If I were small enough to stand on a virus...

Let’s get small. So small we could stand on the surface of one of them COVID19 viruses and be as tall as one of the spiky things. Can I see individual atoms yet, or do I have to get really small for that?

You can’t see individual atoms via optical microscopy because they are too small. I am not convinced you could even image the entire virus virion, but maybe someone has got a fuzzy picture using advanced techniques.

Those spiky things are individual molecules made up of a few thousand atoms.

You are probably aware that when we look at really tiny things we aren’t “seeing” them in the conventional sense. Our sense of vision, based on visible light, can’t image something that small.

This is what COVID-19 looks like under an electron microscope.
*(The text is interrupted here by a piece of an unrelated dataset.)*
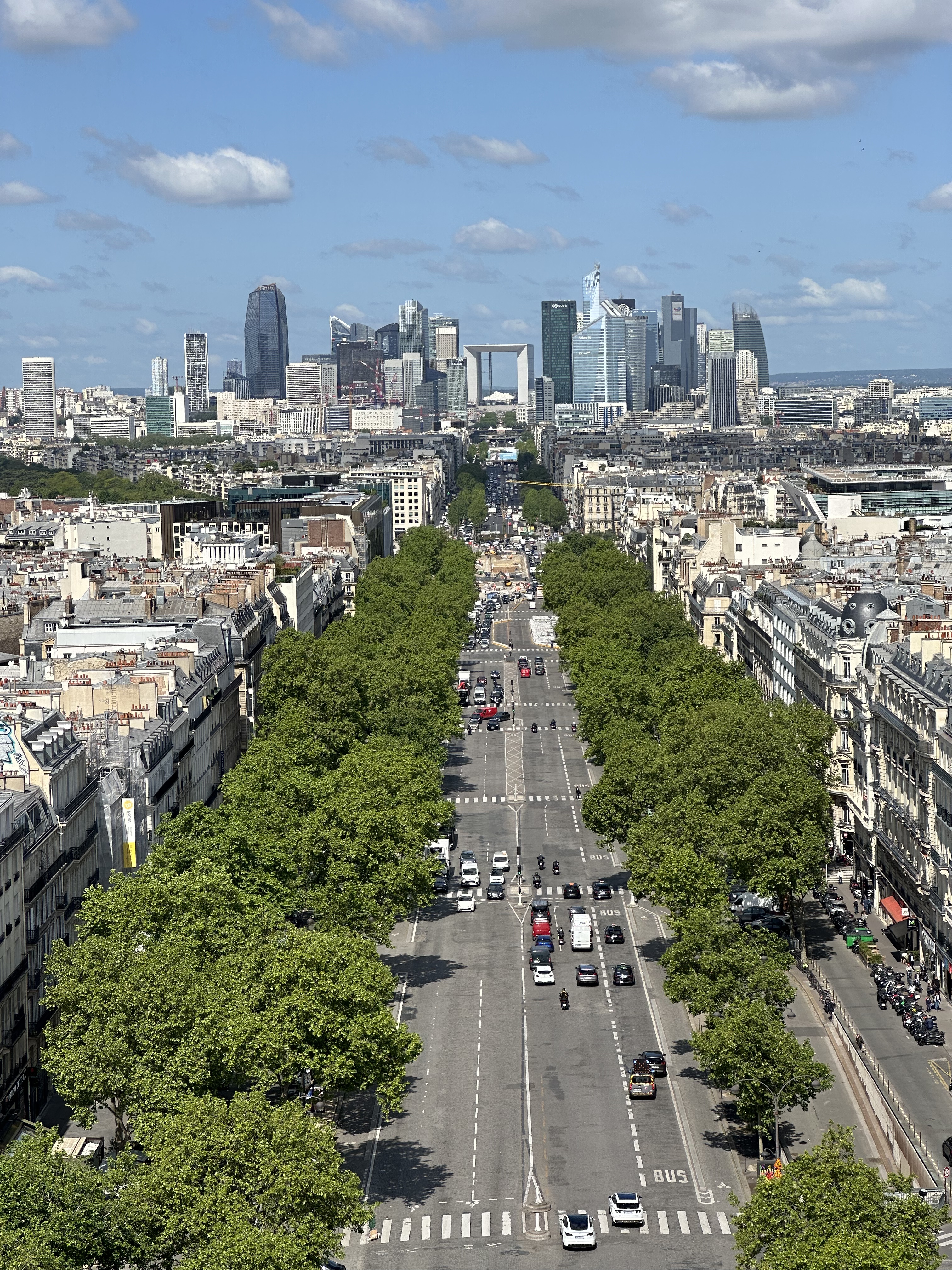 Belle vue en haut de l'arche, beaucoup de magasin, poste de police à proximité, des transport en commun à proximité, patrouille de police et de militaire. Rien à dire sur l'endroit, sympa pour aller se balader rapidement ou pour aller faire les magasins

I don’t know if you are going by images like these or if you are just going by the artistic drawings show in many news articles and such.

Anyway, to put everything in perspective, COVID-19 is about 100 nm in diameter. A water molecule is less than 1 nm, and an individual gold atom (pretty large as atoms go) is about 0.1 nm.

If you are as small as one of the “spiky things” then you are down to about the right size to start seeing the individual atoms, assuming that you could somehow “see” something at that size.

See here, about halfway down the page:

The SARS-CoV-2 virus that is causing all this mess has, as per Wikipedia, a diameter of 50-200 nanometres; let’s say 100 nanometres, for order of magnitude. Atoms vary in size depending on the element, so let’s take carbon as an example, because we’re talking organic matter here. The carbon atom has a radius of 70 picometres, which means the diameter would be 140 picometres, or 0.14 nanometres. So the virus is still three orders of magnitude larger than an atom.

Also, you seen to be suggesting that you could get a good picture if the microscope itself were really, really small. Not sure how that is supposed to work or what it means, though there may be super-resolution techniques that involve the use of nano-size features (the entire microscope is not that miniature, though)

That is an electron microscope. It is definitely going to be easier to image virus particles using an electron microscope.

Perhaps when we get that small our eyes become sensitive to electrons.

This goes back to 1997:

"The guitar has six strings, each string about 50 nanometers wide, the width of about 100 atoms. If plucked — by an atomic force microscope, for example — the strings would resonate, but at inaudible frequencies. "

Sorry, duplicate.

If I may elaborate a little on that:

The laws of physics put limits to the resolution of any optical system, called the Abbe limit. Summarised very briefly, one can say that a microscope, no matter how good it is, cannot resolve details that are smaller than half the wavelength of the radiation it uses to operate.

Visible light is electromagnetic radiation with wavelengths between 380 and 780 nanometres. Applying the Abbe limit, you’ll see that the optimum resolution of any telescope working in the visible parts of the spectrum is still quite a long way away from discerning individual atoms, which have a diameter of less than a nanometre.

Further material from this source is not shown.